**RECORDS SUPPLIED**.
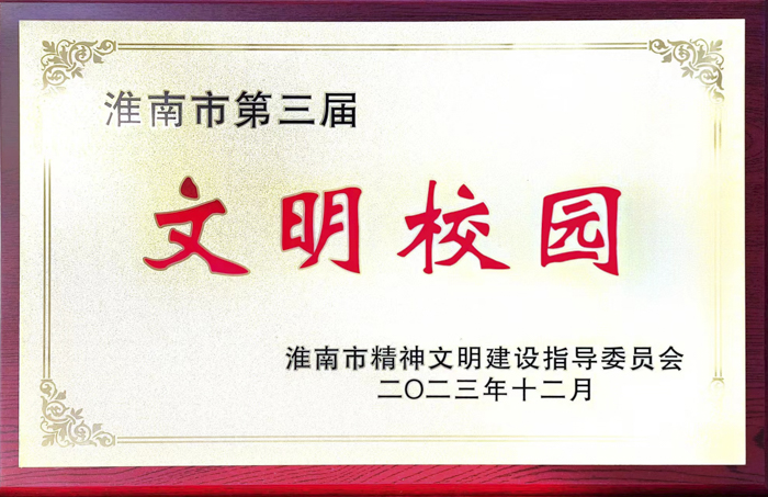 近日,淮南市精神文明建设指导委员会公布《关于表彰第三届淮南市文明校园的决定》,学校荣获“第三届淮南市文明校园”称号。
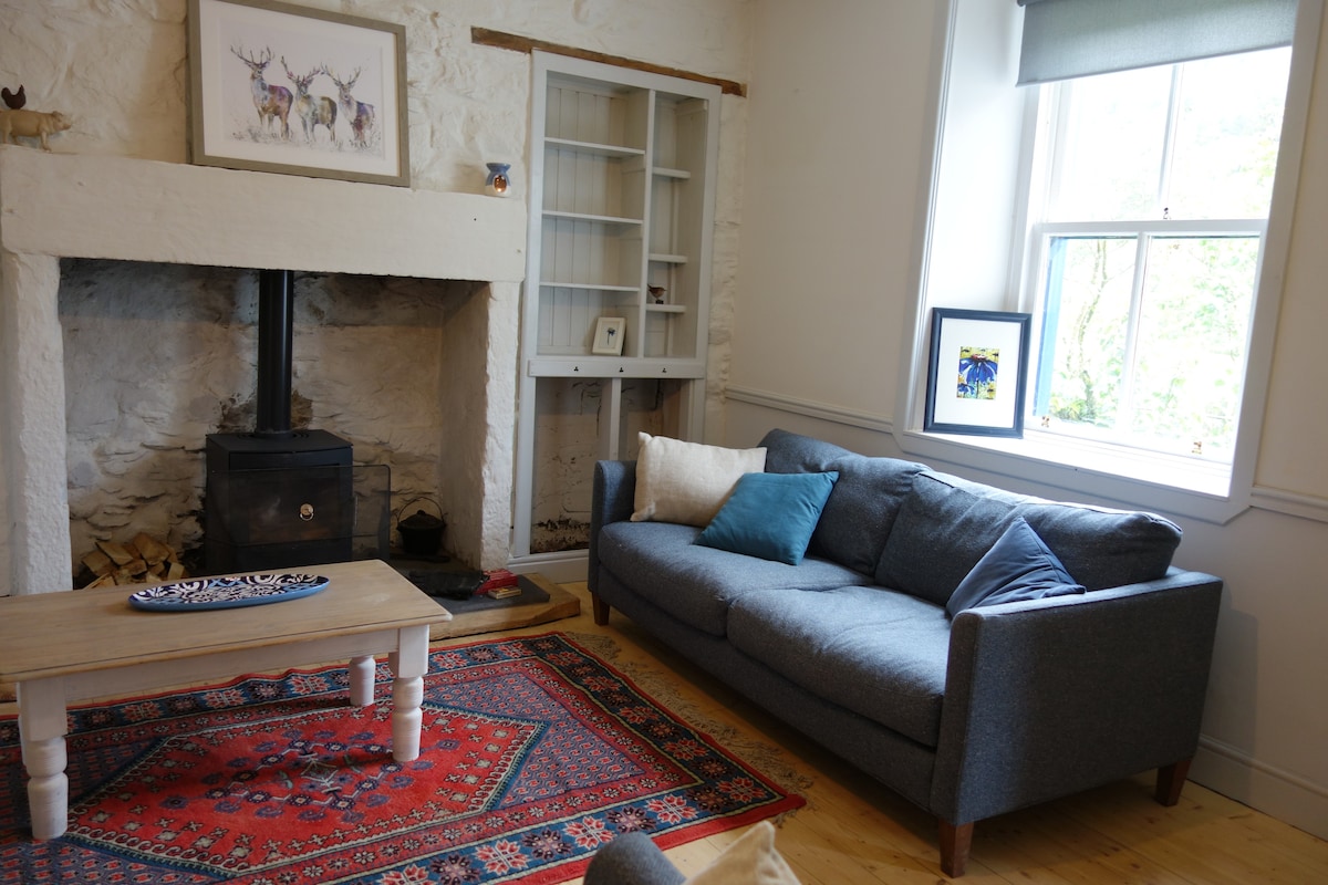A cosy National Park hide-away surrounded by nature, wildlife and farm animals over the fence. Rustic comfort, ideal for hikers,travellers or remote workers looking for countryside, amazing mountain views and those big Scottish skies. Private location is accessed via a horrible rough farm track! King bedroom and bunkbeds in a tiny bedroom. Comfy corner sofa to relax, outdoor covered seating for star-gazing. Inside the Loch Lomond National Park. Calm, birdsong, walks and traditional pub. 2 desks
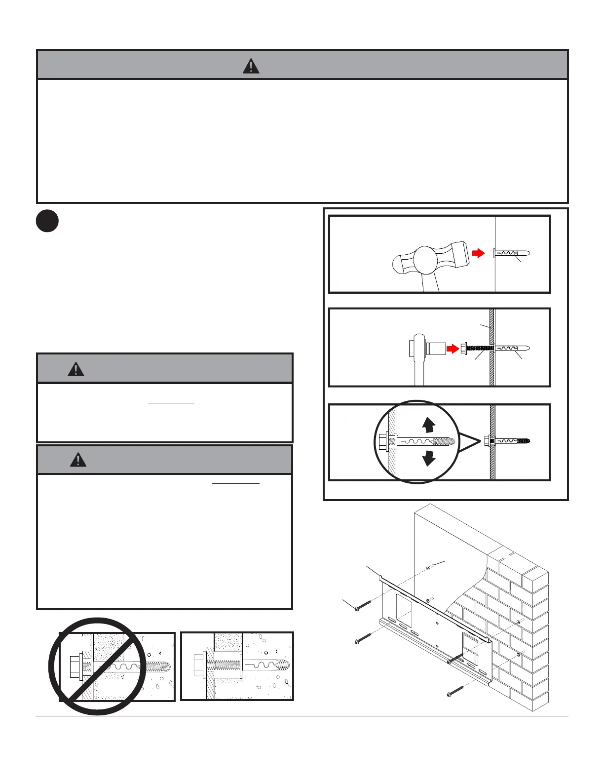 joints de mortier ! Veillez à effectuer le montage dans une partie pleine du bloc, généralement à au moins 2,5 cm (1 po) du
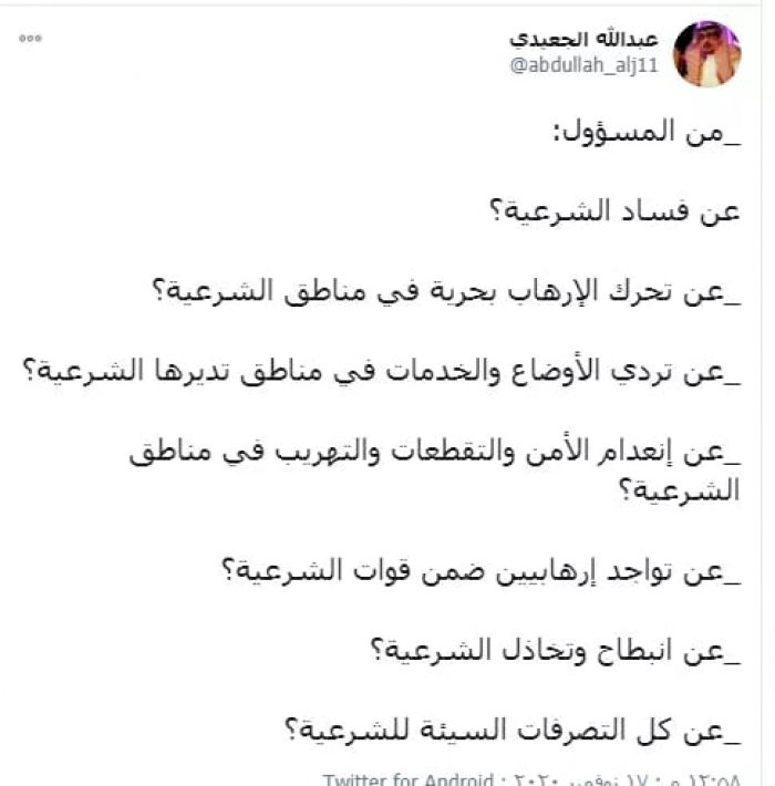 وأضاف: "عن إنعدام الأمن والتقطعات والتهريب في مناطق الشرعية؟ عن تواجد إرهابيين ضمن قوات الشرعية؟ عن انبطاح وتخاذل الشرعية؟ عن كل التصرفات السيئة للشرعية؟".
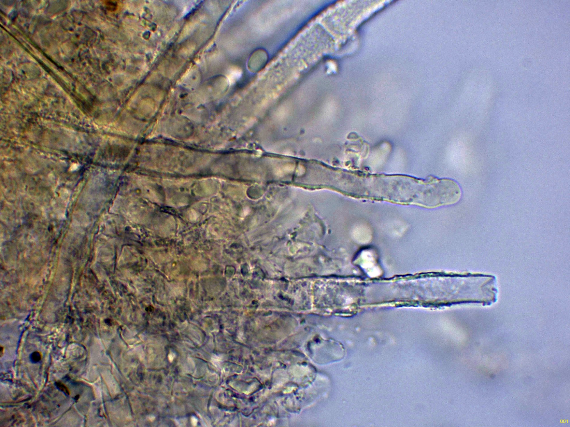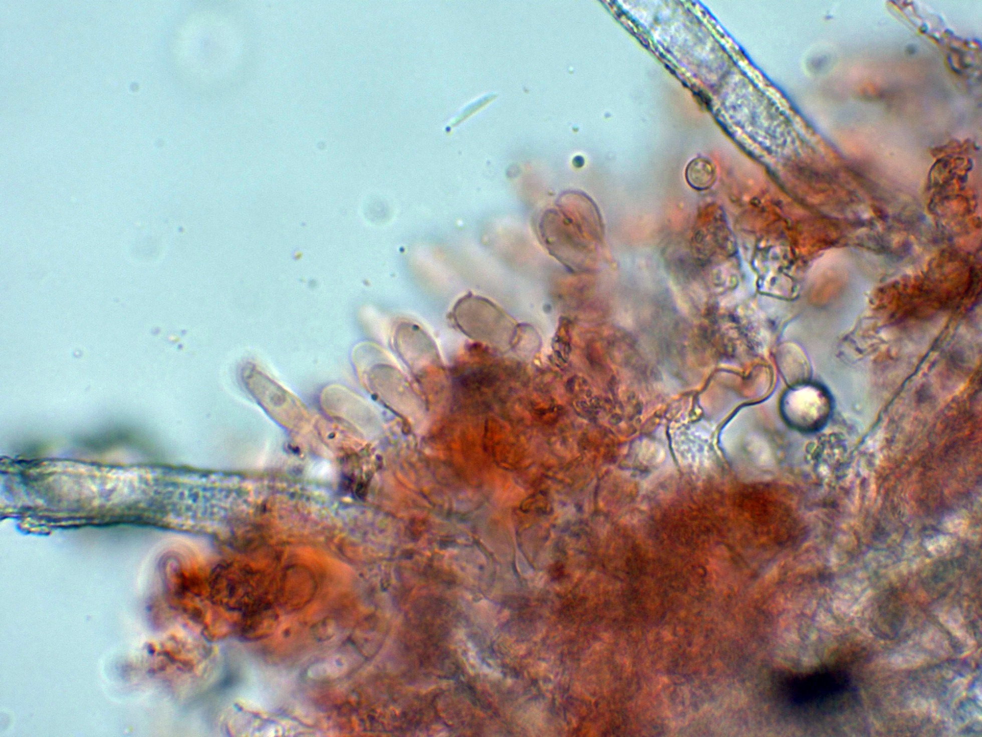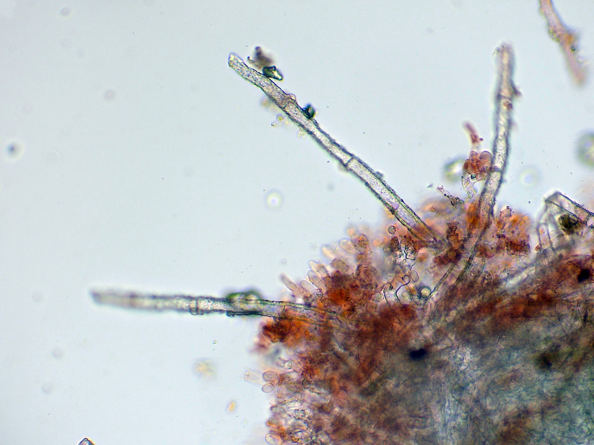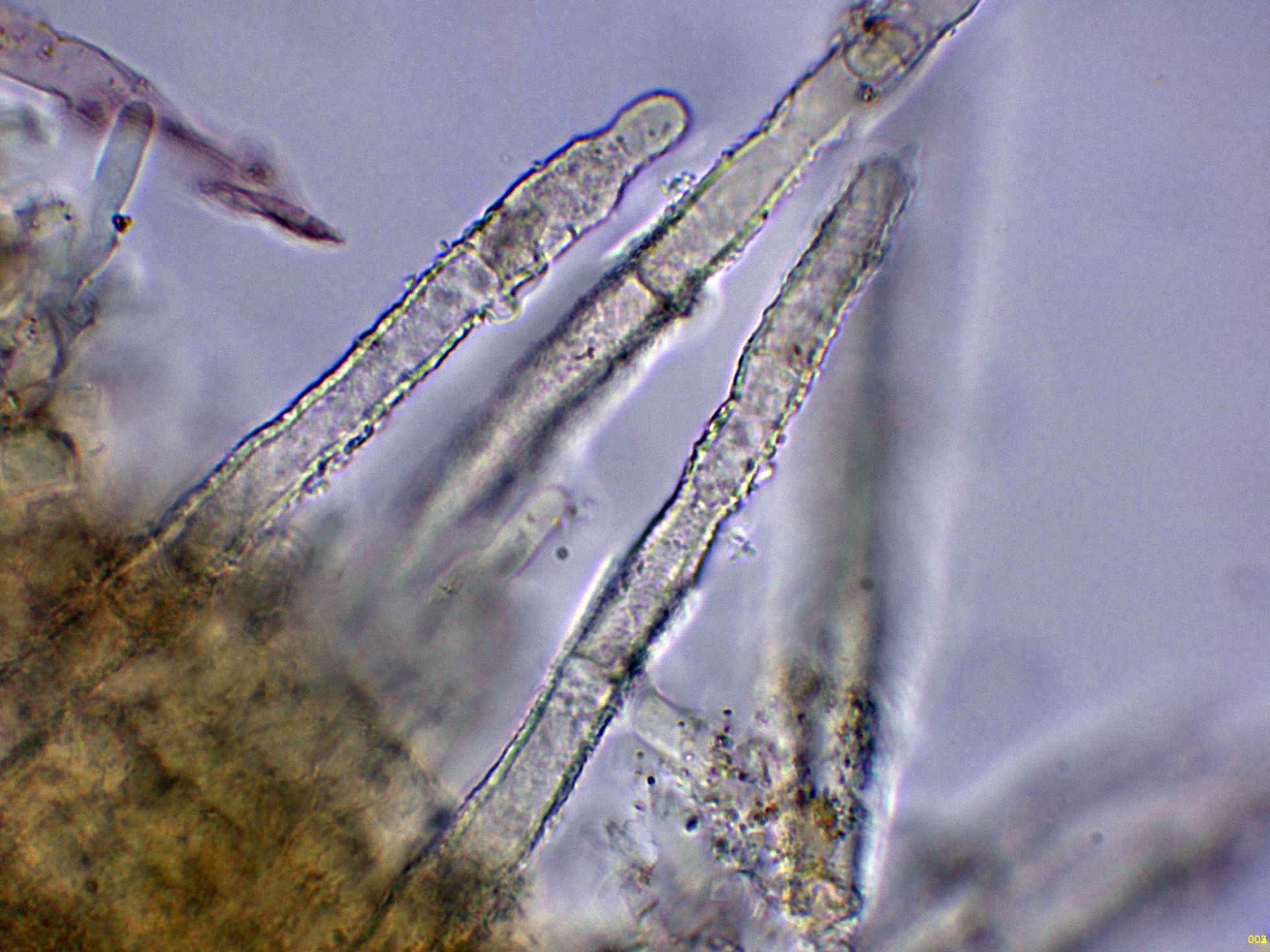 Cistidios septados (septocistidios), con fíbulas y abundantes cristalizaciones por toda su superficie:
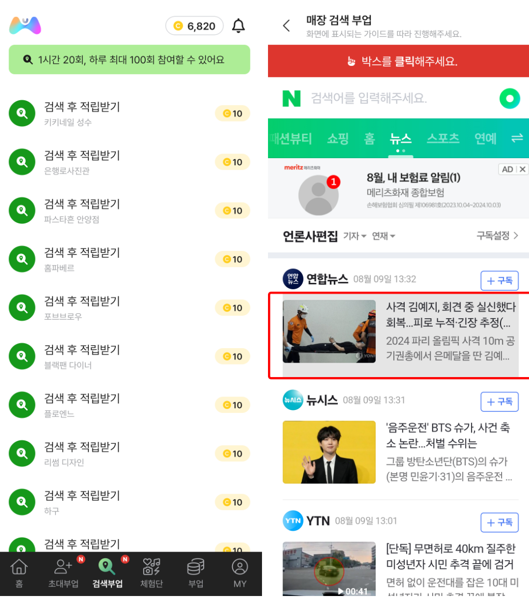 복잡해서 그걸 어떻게 하나? 이렇게 생각할 수 있는데 머니쿤은 친절하게도 네이버 화면으로 넘어가면 빨간 네모박스로 클릭할 곳을 가르쳐 주기 때문에 그대로 따라서 클릭 몇 번 하면 30초 이내로 끝나며 바로 10~15원씩 적립이 됩니다. 하루 100개까지 적립이 가능합니다.
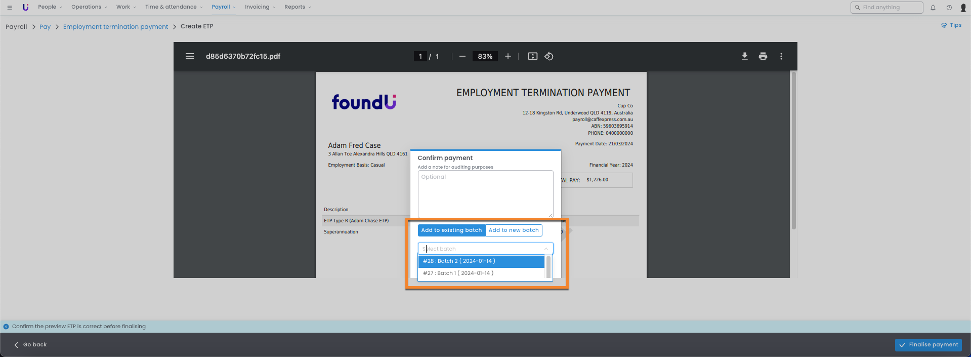 - Complete the ETP workflow, on the final step select Finalise Payment to open the batching modal.
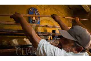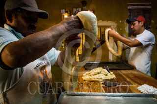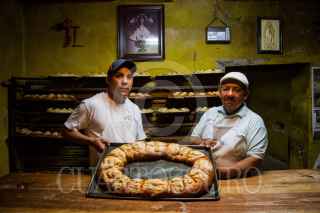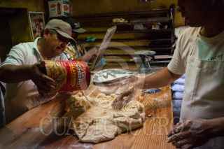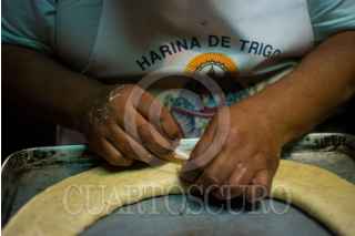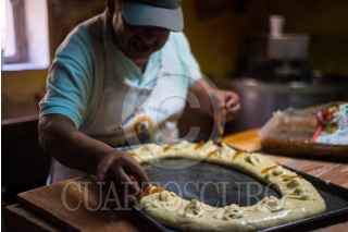 ZACATECAS, ZACATECAS, 05ENERO2018.- Don Nicolás Ramírez Espinoza de 61 años y su hijo Santos Ramírez de la Torre de 30, trabajan en la elaboración de la tradicional rosca de reyes, la cual es muy requerida en estas fechas por vecinos y clientes de la panadería "Don Santos", negocio que en octubre próximo cumplirá 50 años de abrir sus puertas a los más exigentes paladares en cuanto a este alimento básico se refiere. Este pequeño negocio ubicado en el callejón de la mantequilla no. 209, en el centro histórico de la capital zacatecana, trabaja desde hace 8 años con la ausencia del maestro panadero y fundador Don Santos Ramírez Ibarra, quien enseño a su hijo y nieto la elaboración artesanal de este alimento como una tradición familiar que por años ha perdurado. Ellos al igual que miles de comerciantes del estado, se ven afectados por el incremento de los combustibles ya que aumentan los precios de los insumos básicos considerablemente; solo en 8 días el precio del huevo paso de estar de $540 a $624 pesos y la manteca de $560 a $665 pesos, solo por mencionar dos insúmos necesarios para la elaboración de la rosca de reyes, que este año oscila entre los $220 y $100 pesos dependiendo el tamaño. Don Nicolás y su hijo Santos, prefieren calidad que cantidad, así que son fieles a la elaboración artesanal de este alimento. FOTO: MISAEL VALTIERRA / CUARTOSCURO.COM
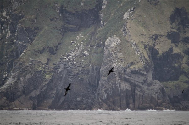 As land emerged from behind a veil of clouds, we were treated to views of the fabled and infamous Cape Horn. This major promontory juts out towards the Southern Ocean dividing the Pacific and Atlantic oceans. Large phalanxes of sooty shearwaters exploded into view all morning, zipping past our bow. This bird is an incredibly accomplished flier, covering tens of thousands of kilometres on an annual migration that takes it from here to the northern seas: either to Alaska or Britain. Among the thousands of shearwaters, black-browed albatrosses and white-chinned petrels made short work of the stiff wind. It is mesmerising to watch them wheeling against the sky - banking steeply into the wind to gain lift before dropping down to within a whisker of the sea’s choppy surface. This way of travelling is known to ornithologists as “dynamic soaring”.
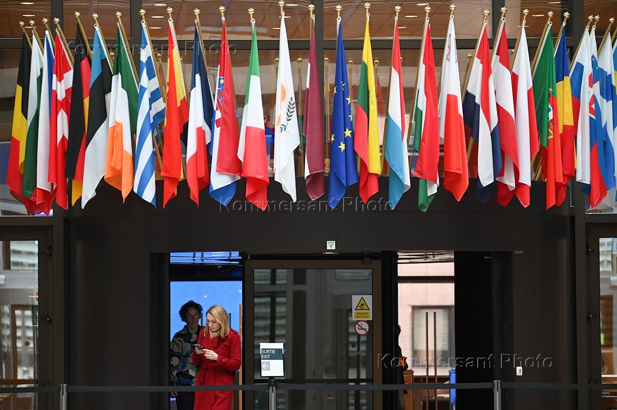 Виды Брюсселя перед саммитом Европейского Союза (ЕС). Жанровая фотография. Государственные флаги стран-участниц саммита.
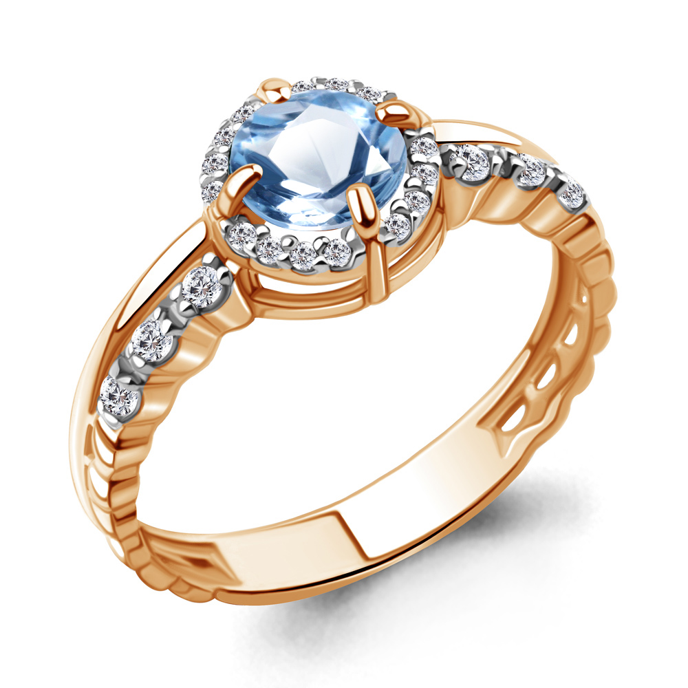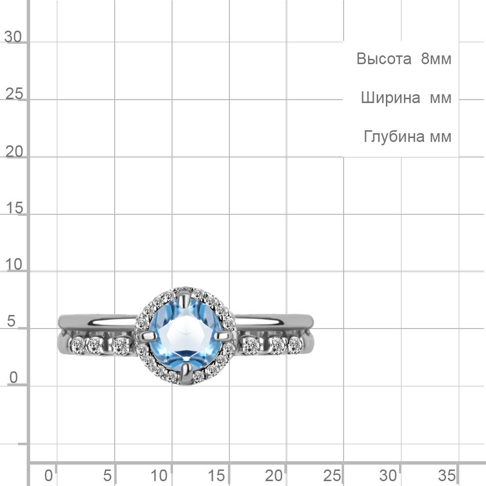 6449205А Кольцо из Серебра с топазом свисс блю, фианитами

**THE PROBLEM**. What to print is the stretch of entries from the line with "إنعدام الأمن والتقطعات" up to and including the line with "- Complete the". Please print it exactly and leave out the pictures.

**SOLUTION BELOW**.
 وأضاف: "عن إنعدام الأمن والتقطعات والتهريب في مناطق الشرعية؟ عن تواجد إرهابيين ضمن قوات الشرعية؟ عن انبطاح وتخاذل الشرعية؟ عن كل التصرفات السيئة للشرعية؟".
 Cistidios septados (septocistidios), con fíbulas y abundantes cristalizaciones por toda su superficie:
 복잡해서 그걸 어떻게 하나? 이렇게 생각할 수 있는데 머니쿤은 친절하게도 네이버 화면으로 넘어가면 빨간 네모박스로 클릭할 곳을 가르쳐 주기 때문에 그대로 따라서 클릭 몇 번 하면 30초 이내로 끝나며 바로 10~15원씩 적립이 됩니다. 하루 100개까지 적립이 가능합니다.
 - Complete the ETP workflow, on the final step select Finalise Payment to open the batching modal.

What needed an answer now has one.